== Assignment ==
When the line containing "(¬١) فالكفارة على" appears in the data below, begin copying there and stop only after the line containing "No stains or".

*** Recorded data ***

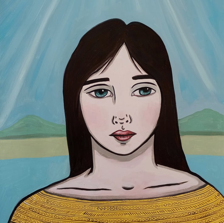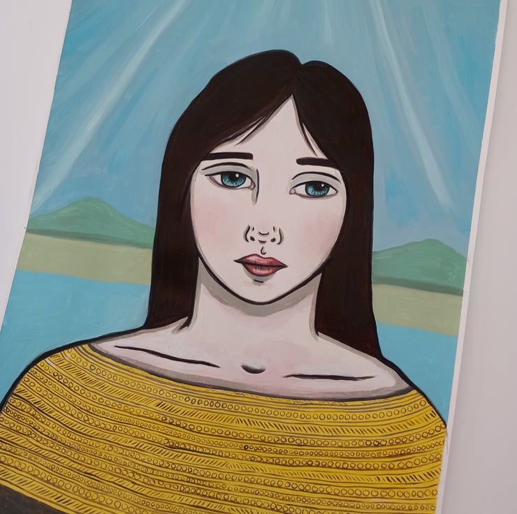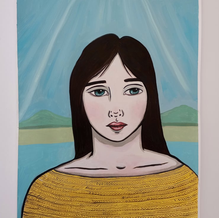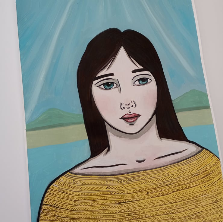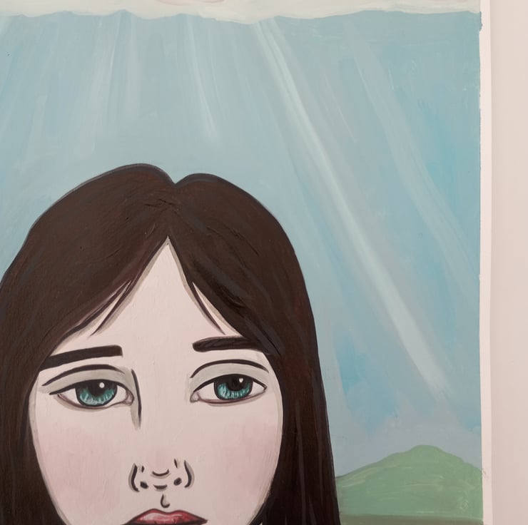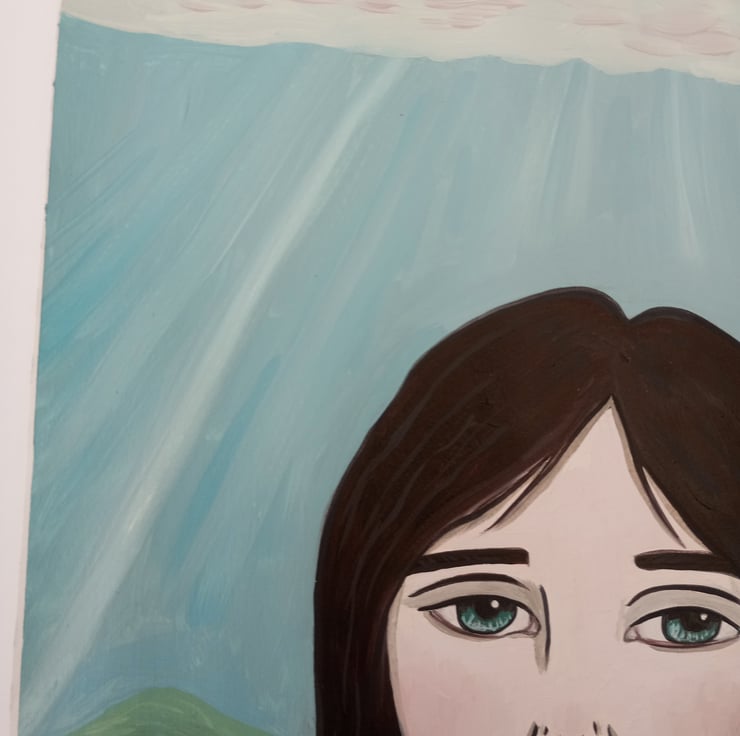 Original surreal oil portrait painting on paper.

*** End of Recorded data ***
*** Recorded data ***

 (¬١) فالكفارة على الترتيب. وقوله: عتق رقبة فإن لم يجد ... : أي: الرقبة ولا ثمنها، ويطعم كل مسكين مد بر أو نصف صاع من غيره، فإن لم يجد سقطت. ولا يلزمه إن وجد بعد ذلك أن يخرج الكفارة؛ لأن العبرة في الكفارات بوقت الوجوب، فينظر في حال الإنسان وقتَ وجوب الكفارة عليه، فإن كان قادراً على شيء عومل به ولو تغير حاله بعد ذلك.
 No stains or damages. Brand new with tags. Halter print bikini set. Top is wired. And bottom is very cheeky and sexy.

*** End of Recorded data ***

== Your response ==
 (¬١) فالكفارة على الترتيب. وقوله: عتق رقبة فإن لم يجد ... : أي: الرقبة ولا ثمنها، ويطعم كل مسكين مد بر أو نصف صاع من غيره، فإن لم يجد سقطت. ولا يلزمه إن وجد بعد ذلك أن يخرج الكفارة؛ لأن العبرة في الكفارات بوقت الوجوب، فينظر في حال الإنسان وقتَ وجوب الكفارة عليه، فإن كان قادراً على شيء عومل به ولو تغير حاله بعد ذلك.
 No stains or damages. Brand new with tags. Halter print bikini set. Top is wired. And bottom is very cheeky and sexy.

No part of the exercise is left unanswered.